Requirement: Set down all of the entries word for word, omitting the images they contain.

─── Data to examine

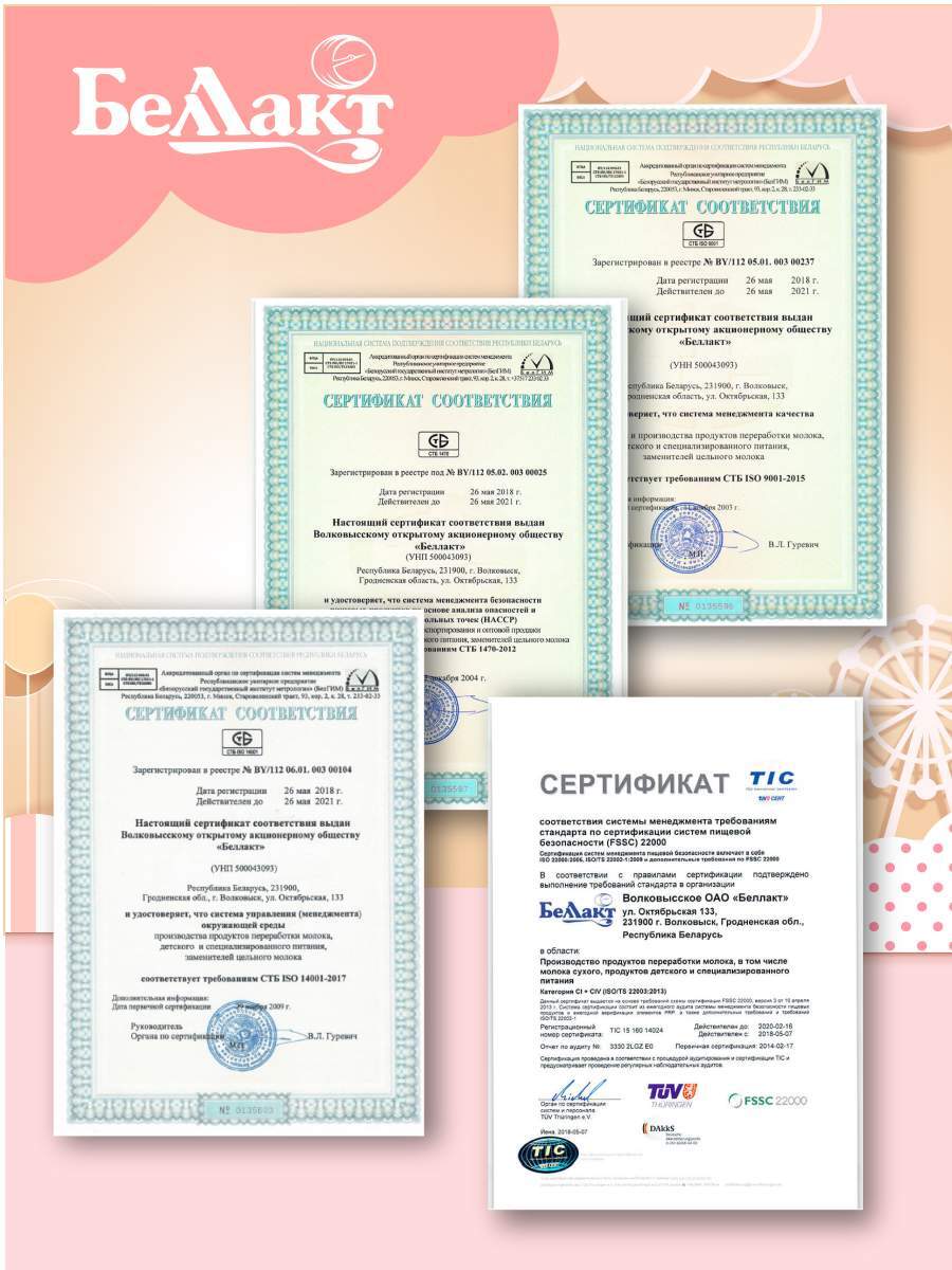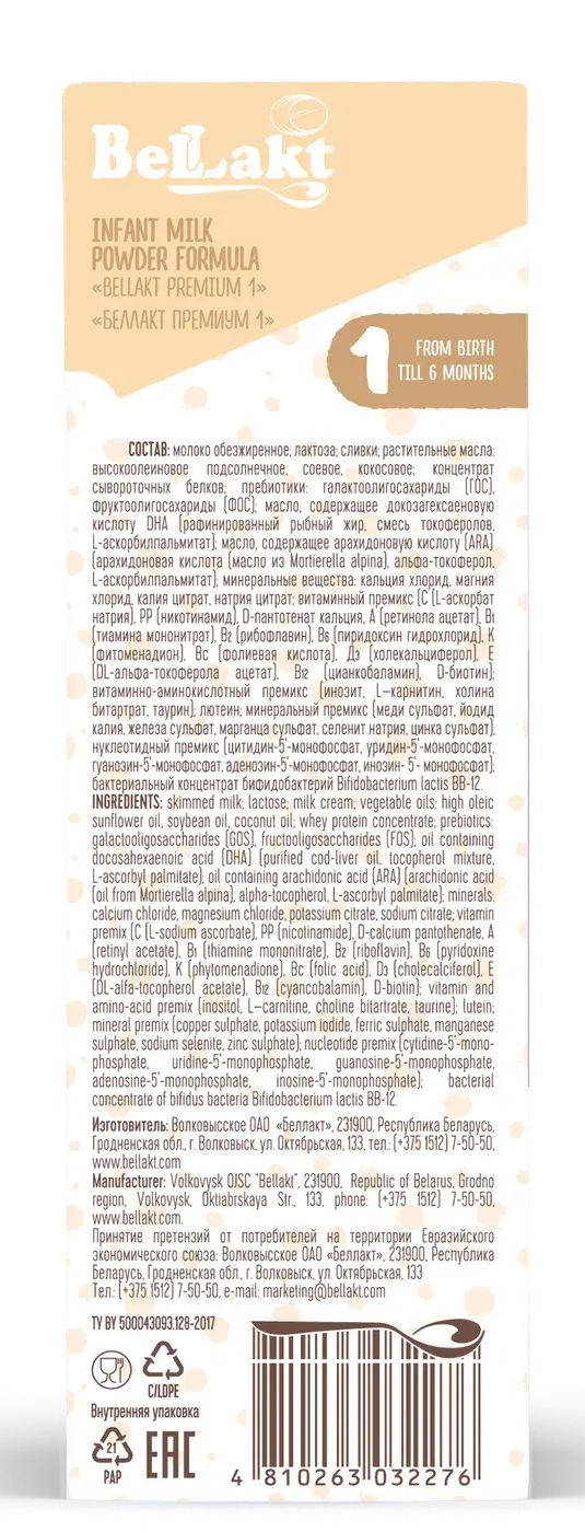 Молоко обезжиренное; лактоза; сливки; растительные масла; высокоолеиновое подсолнечное, соевое, кокосовое; концентрат сывороточных белков; пребиотики: олигогалактоза (ГОС), олигофруктоза (ФОС); масло, содержащее докозагексаеновую кислоту DHA (рафинированный рыбий жир, смесь токоферолов, аскорбил пальмитат); масло, содержащее арахидоновую кислоту (ARA); минеральные вещества: кальция лактат, магния хлорид, калия цитрат, натрия цитрат; витаминный премикс; С (L-аскорбат натрия), РР (никотинамид). D-пантотенат кальция. А (ретинола ацетат). В1 (тиамина мононитрат), В2 (рибофлавин). В6 (пиридоксин гидрохлорид). К (фитоменадион), Вс (фолиевая кислота). Д3 (холекальциферол). Е (D-альфа-токоферол). B12 (цианкобаламин). D-биотин. витаминно-аминокислотный премикс; инозит. L-карнитин, холин, таурин; лютеин; минеральный премикс; меди сульфат, йодид калия, железа сульфат, марганца сульфат, натрия селенит, цинка сульфат; нуклеотидный премикс; цитидин-5'-монофосфат, уридин-5'-монофосфат, гуанозин-5'- монофосфат, аденозин-5-монофосфат, инозин-5'-монофосфат; бактериальный концентрат бифидобактерий Bifidobacterium lactis BB-12
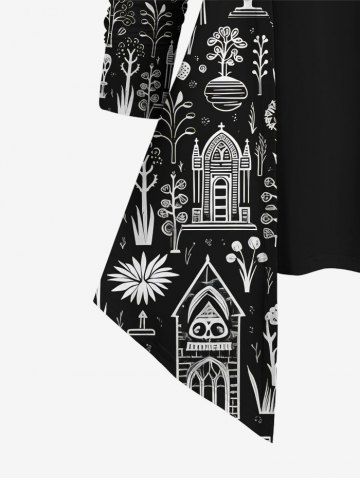 Gothic Skulls Tree Flower House Print Patchwork Asymmetric 2 in1 Long Sleeves Top - Black - Xs
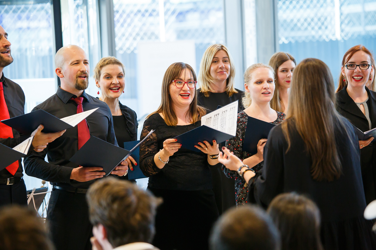 It all started with the musical sentiment of Remigiusz Wojciechowski from Bayer. Music has always been important to him. Once, sitting in the audience of the Philharmonic, he recalled the emotions that accompanied him when he sang in the choir. He thought he would like to have them in his life again. To do that, you needed people and a conductor. There was no shortage of people in the Bayer office, and a casting call for conductor was announced. It was won by Wiktoria Pagieła , a graduate of the Gdańsk Academy of Music, and so, in 2018, the Bayer employee choir was formed. Less than a year later, it transformed into the choir of the entire Olivia Centre. Of course, we can do more together. He was joined by singing employees, AirHelp, Energa, GFKM, Nordea, Olivia Centre, PwC, Sii, Talkers and Thyssenkrupp.
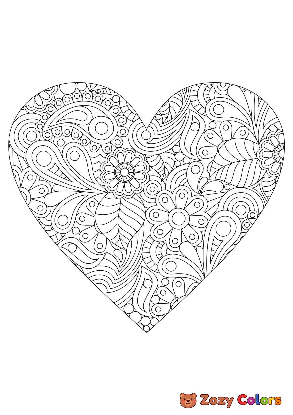 Valentines nature hearth mandala. Coloring page to print or download and color for your kids.
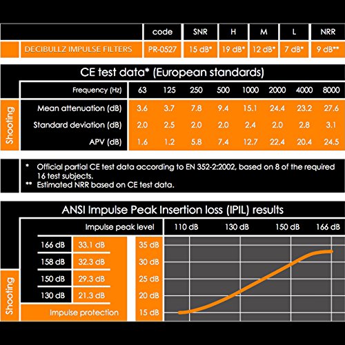 SOUND WHEN YOU WANT IT, PROTECTION WHEN YOU NEED IT: Developed for shooting and military use, the Decibullz Percussive Filters feature optimum protection from high level impulse and percussive sounds. The filters are ANSI IPIL certified up to 166 dB. When no damaging noise is present, the Decibullz Filters provide a low attenuation, permitting voice and ambient noise to be heard. The allows for situational awareness not provided by traditional hearing protection.
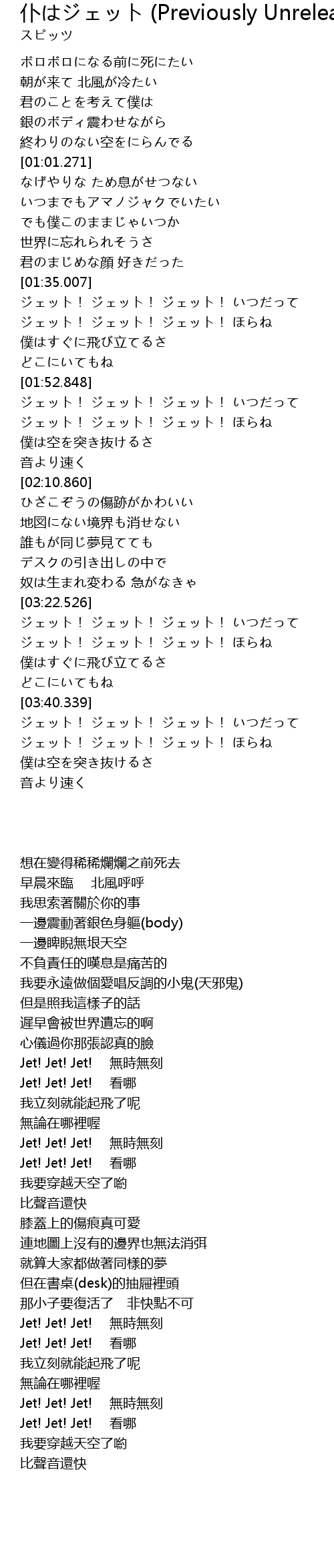| [01:38.614] | Jet! Jet! Jet! 無時無刻 |

──────

Reply to the task:
 Молоко обезжиренное; лактоза; сливки; растительные масла; высокоолеиновое подсолнечное, соевое, кокосовое; концентрат сывороточных белков; пребиотики: олигогалактоза (ГОС), олигофруктоза (ФОС); масло, содержащее докозагексаеновую кислоту DHA (рафинированный рыбий жир, смесь токоферолов, аскорбил пальмитат); масло, содержащее арахидоновую кислоту (ARA); минеральные вещества: кальция лактат, магния хлорид, калия цитрат, натрия цитрат; витаминный премикс; С (L-аскорбат натрия), РР (никотинамид). D-пантотенат кальция. А (ретинола ацетат). В1 (тиамина мононитрат), В2 (рибофлавин). В6 (пиридоксин гидрохлорид). К (фитоменадион), Вс (фолиевая кислота). Д3 (холекальциферол). Е (D-альфа-токоферол). B12 (цианкобаламин). D-биотин. витаминно-аминокислотный премикс; инозит. L-карнитин, холин, таурин; лютеин; минеральный премикс; меди сульфат, йодид калия, железа сульфат, марганца сульфат, натрия селенит, цинка сульфат; нуклеотидный премикс; цитидин-5'-монофосфат, уридин-5'-монофосфат, гуанозин-5'- монофосфат, аденозин-5-монофосфат, инозин-5'-монофосфат; бактериальный концентрат бифидобактерий Bifidobacterium lactis BB-12
 Gothic Skulls Tree Flower House Print Patchwork Asymmetric 2 in1 Long Sleeves Top - Black - Xs
 It all started with the musical sentiment of Remigiusz Wojciechowski from Bayer. Music has always been important to him. Once, sitting in the audience of the Philharmonic, he recalled the emotions that accompanied him when he sang in the choir. He thought he would like to have them in his life again. To do that, you needed people and a conductor. There was no shortage of people in the Bayer office, and a casting call for conductor was announced. It was won by Wiktoria Pagieła , a graduate of the Gdańsk Academy of Music, and so, in 2018, the Bayer employee choir was formed. Less than a year later, it transformed into the choir of the entire Olivia Centre. Of course, we can do more together. He was joined by singing employees, AirHelp, Energa, GFKM, Nordea, Olivia Centre, PwC, Sii, Talkers and Thyssenkrupp.
 Valentines nature hearth mandala. Coloring page to print or download and color for your kids.
 SOUND WHEN YOU WANT IT, PROTECTION WHEN YOU NEED IT: Developed for shooting and military use, the Decibullz Percussive Filters feature optimum protection from high level impulse and percussive sounds. The filters are ANSI IPIL certified up to 166 dB. When no damaging noise is present, the Decibullz Filters provide a low attenuation, permitting voice and ambient noise to be heard. The allows for situational awareness not provided by traditional hearing protection.
| [01:38.614] | Jet! Jet! Jet! 無時無刻 |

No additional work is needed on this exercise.